The outbreak of the Covid19 pandemic has led to political instability on a domestic and supranational level. The European Commission President Ursula von der Leyen declared it “the greatest health crisis in a century”. The pandemic has disrupted the daily activities of governments and often led to the delaying of legislative developments. As the world quickly adapted to the crisis, new policy areas came to the foreground. Others, on the other hand, shifted to the background.

Has public health become the new hot topic?

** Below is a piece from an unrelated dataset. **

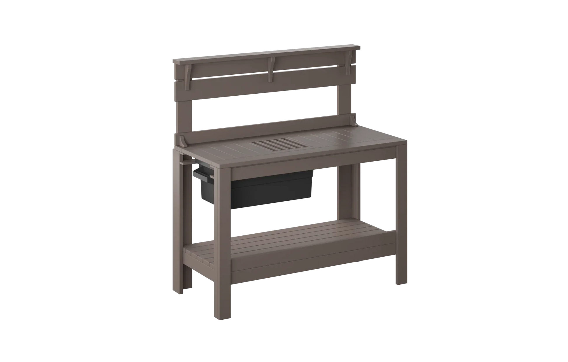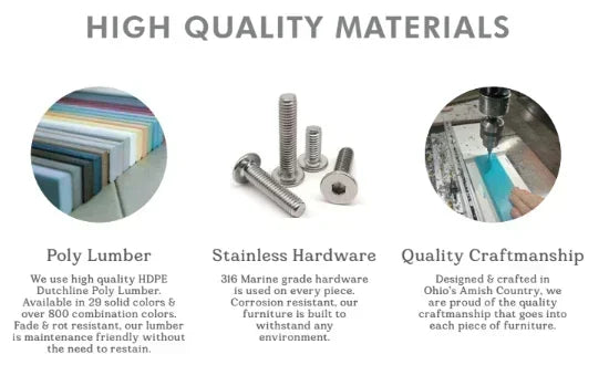 This outdoor potting bench is made from solid poly lumber. Poly furniture is an excellent choice for outdoor furniture since it simultaneously blends sustainability, style, and longevity. Poly is a long-lasting material that’s durable and resistant to natural elements and a variety of chemicals. Often, any color in poly will experience little fading because it is mixed into the plastic. Recycling is the main part of each step in creating poly. Most of what makes up poly lumber is plastic waste from bottles and bags. This keeps waste out of the oceans and landfills and reduces future plastic manufacturing. When poly lumber is cut to make poly outdoor furniture, the next batch may be made from re-melted scraps. Because of its strength and integrated pigment, high-density polyethylene is easy to maintain. Repainting decorative items is not necessary, and it is able to withstand many common sanitation methods. If you need to clean your poly item, you can use anything from dish soap and a rag to boiling water. (In extreme cases, a pressure washer is an acceptable option, too.)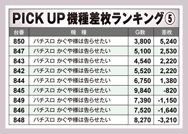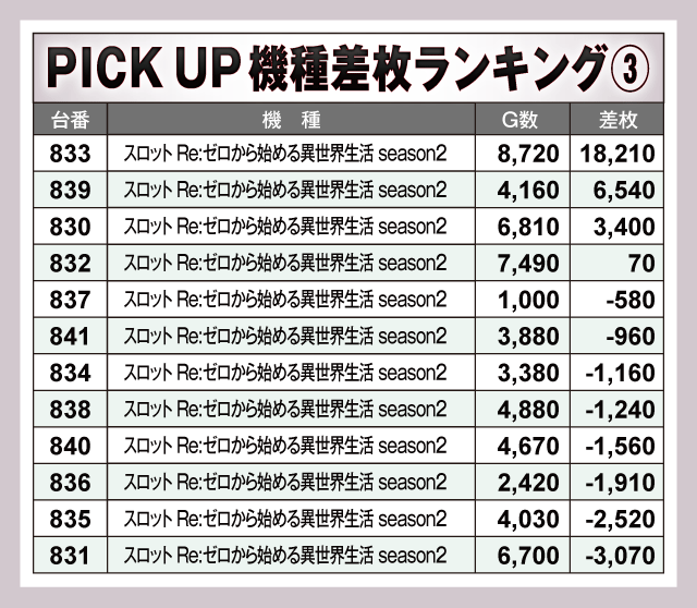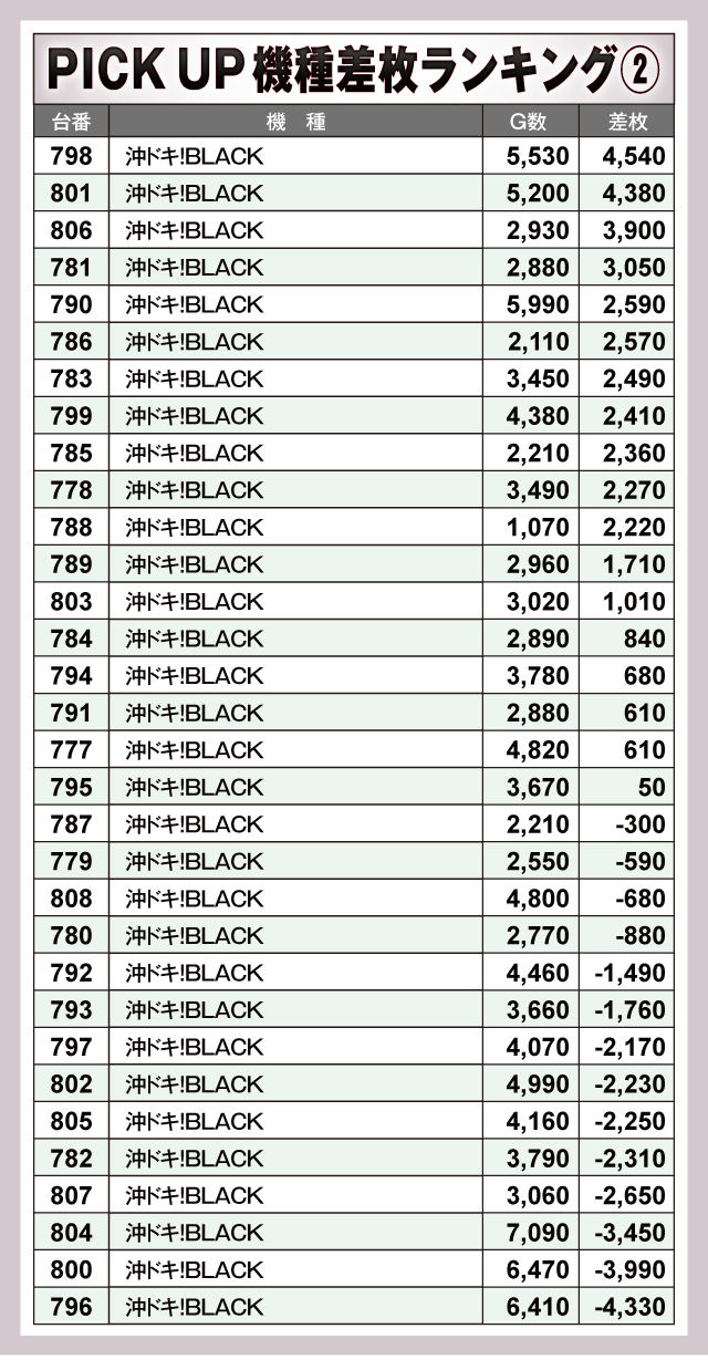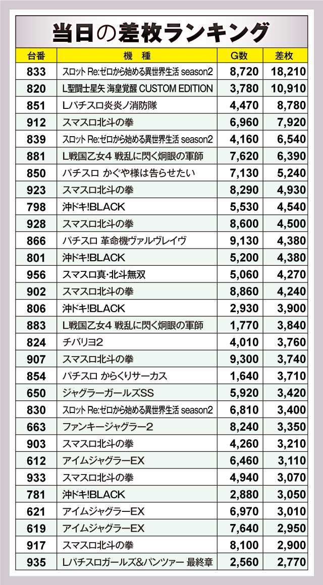 ※差枚数順に掲載しています。

On the Policy-Insider.AI platform, we collect new policy documents from major institutions and identify the policy areas they relate to. Unsurprisingly, public health and healthcare have dominated the policymaking world during the Covid19 pandemic. The number of policy papers in public health and healthcare increased. It is visible especially around the last quarter of 2020 and the beginning of 2021. These dates coincide with large infection spikes in Europe

Covid19 policy areas
*Data based on institutions available on the Policy-Insider.AI platform.

In the case of the Covid19 pandemic, we can quickly identify a policy spill over into other health-related topics and beyond. A global discussion about international cooperation and equal access to healthcare has reemerged. In the European Union, Commission President von der Leyen called for the emergence of a strong European Health Union (ref 6). To that end, the new EU4Health programme will help to improve the public health sector beyond health crisis prevention.

An example of Covid19-prompted policy is the UK Department of Health and Social Care’s strategy for tackling obesity.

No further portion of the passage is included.